Reusable takeaway packaging viable with central system of reuse

Reusable takeaway packaging could present a compelling climate case over single-use alternatives if return and washing systems are properly implemented and optimised, according to a new study on reuse released by Zero Waste Europe, Reloop, and TOMRA today (5 September).

Reusable takeaway packaging coffee cupThe report ‘Assessing Climate Impact: Reusable systems vs. Single-Use Takeaway Packaging’ envisions reusable packaging reaching a steady state in 2030 whereby it can be collected, washed, and redistributed through a centralised system.

The study looked at the GHG emissions associated with a wide range of common takeaway packaging, including cups, burger boxes, bowls, pizza boxes, and sushi containers, comparing single-use to reusable packaging in an optimised reuse system.

The research found that the adoption of reusable containers within a well-designed reuse system has the potential to reduce GHG emissions for most packaging options. The only exception to this was pizza boxes which will likely need further innovations in design to fully unlock the benefits of reuse. For example, even a 20 per cent reduction in the weight of a reusable pizza box – equivalent to 85 grams – could tip the scales in favour of reuse.

The study – produced by Eunomia Research and Consulting – also examined each container’s breakeven point at which reuse matches the carbon footprint of single-use, for greenhouse gas emissions within a robust return system. It found that returning a bowl thirteen times or a coffee cup just six times proved sufficient to break even, with any further returns becoming a net positive in terms of carbon emissions avoided.

Building upon the recent evaluation of life cycle assessments conducted by Zero Waste Europe and Reloop, the study urges policymakers to fight for a cleaner 2030, particularly as discussions commence shortly on the forthcoming reuse targets within the Packaging and Packaging Waste Regulations (PPWR).

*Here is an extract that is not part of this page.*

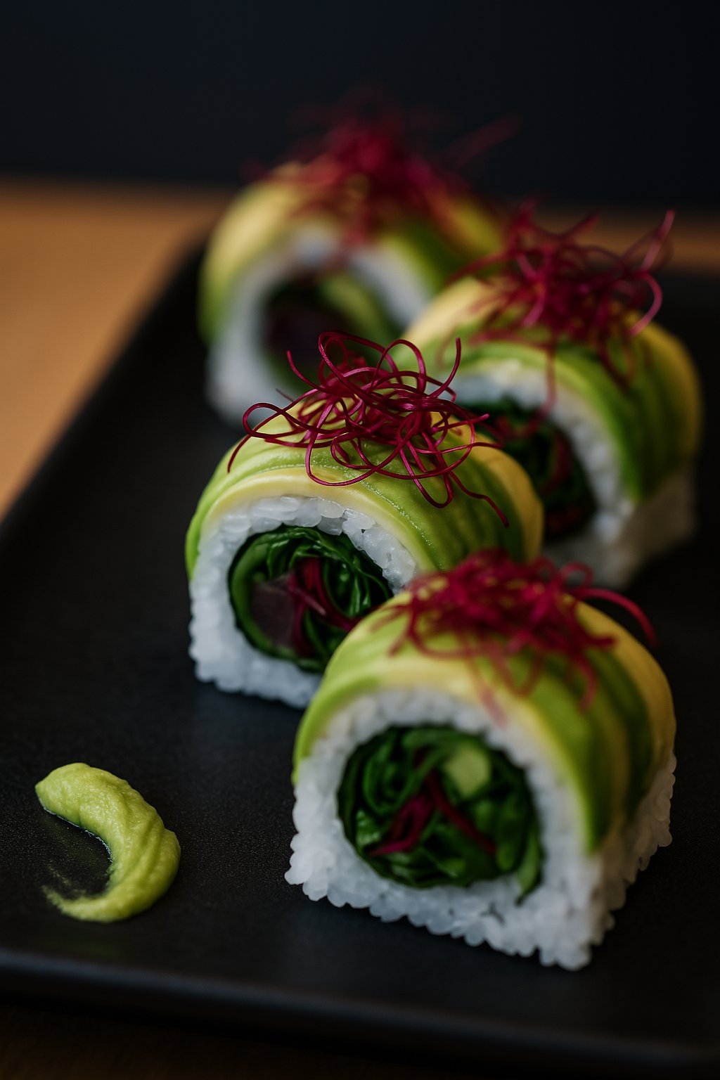 Sallad, gurka och avokado. Toppad med fem olika fiskar och wasabimajo.
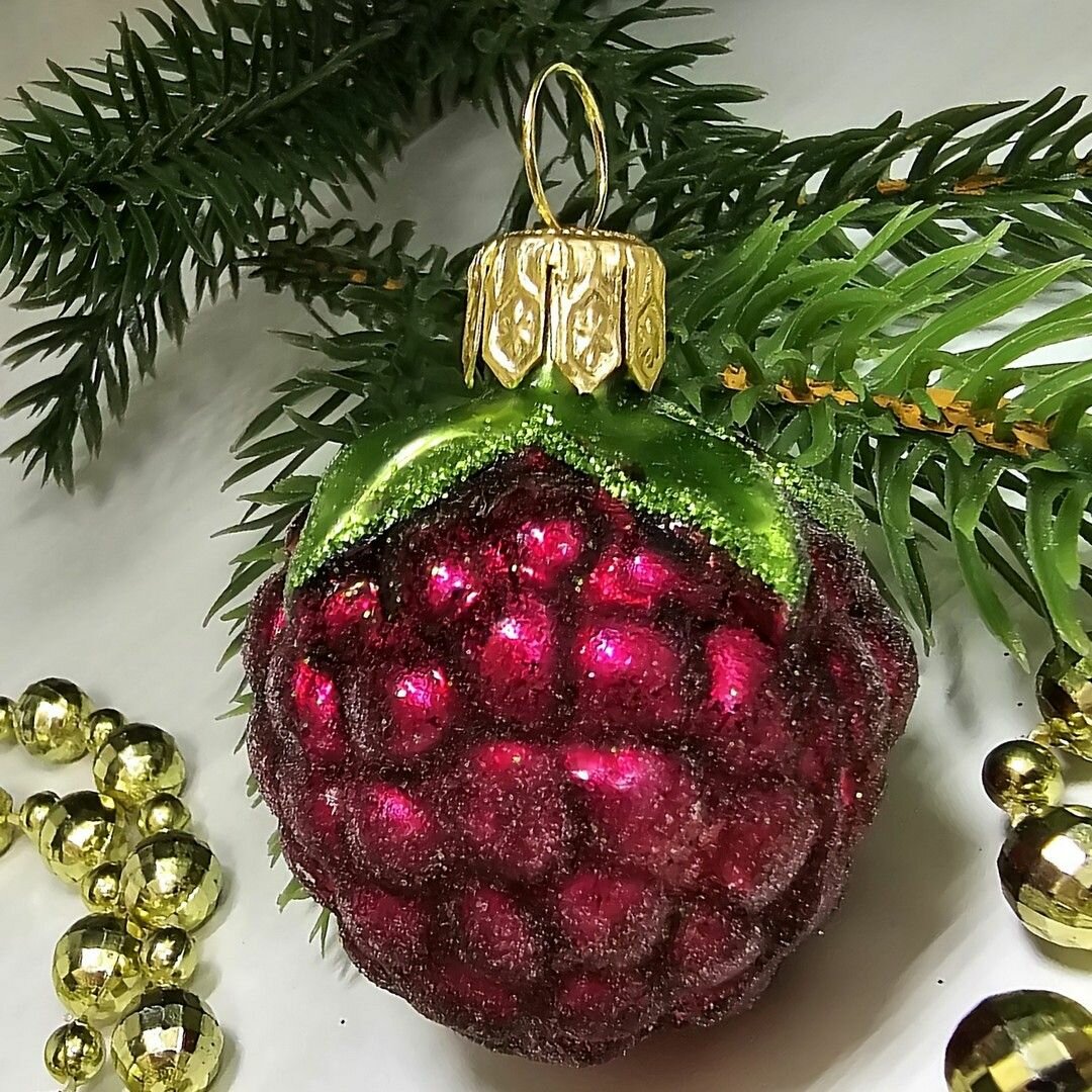 Irena-Co елочная игрушка, стекло Ежевика черная (8,5х4,5х5см)

Effective implementation of reusable takeaway packaging systems

ZWE says that the outcomes of this study hold great promise for guiding the implementation of effective reusable systems, emphasising the potential for emissions reduction and the significance of meticulous system design. The researchers call for large-scale trials to further validate and refine these findings.

Aline Maigret, Head of Policy at Zero Waste Europe, said: “Focusing on the potential for reducing GHG emissions, this study reiterates the relevance of switching from single-use packaging to reusable ones. As institutional negotiators are gearing up for the negotiations of the packaging rules in the EU, we count on them to acknowledge this potential by mandating ambitious reuse targets.”

Clarissa Morawski of Reloop added: “Unlocking the potential of smart reuse lies in crafting systems that harness our collective design experience, optimising processes from design to deposit return, embracing reverse logistics, and perfecting the art of washing. As we pave the way for the business of the future, let's ensure policies are in place to nurture and champion this transformative journey towards sustainability and innovation.”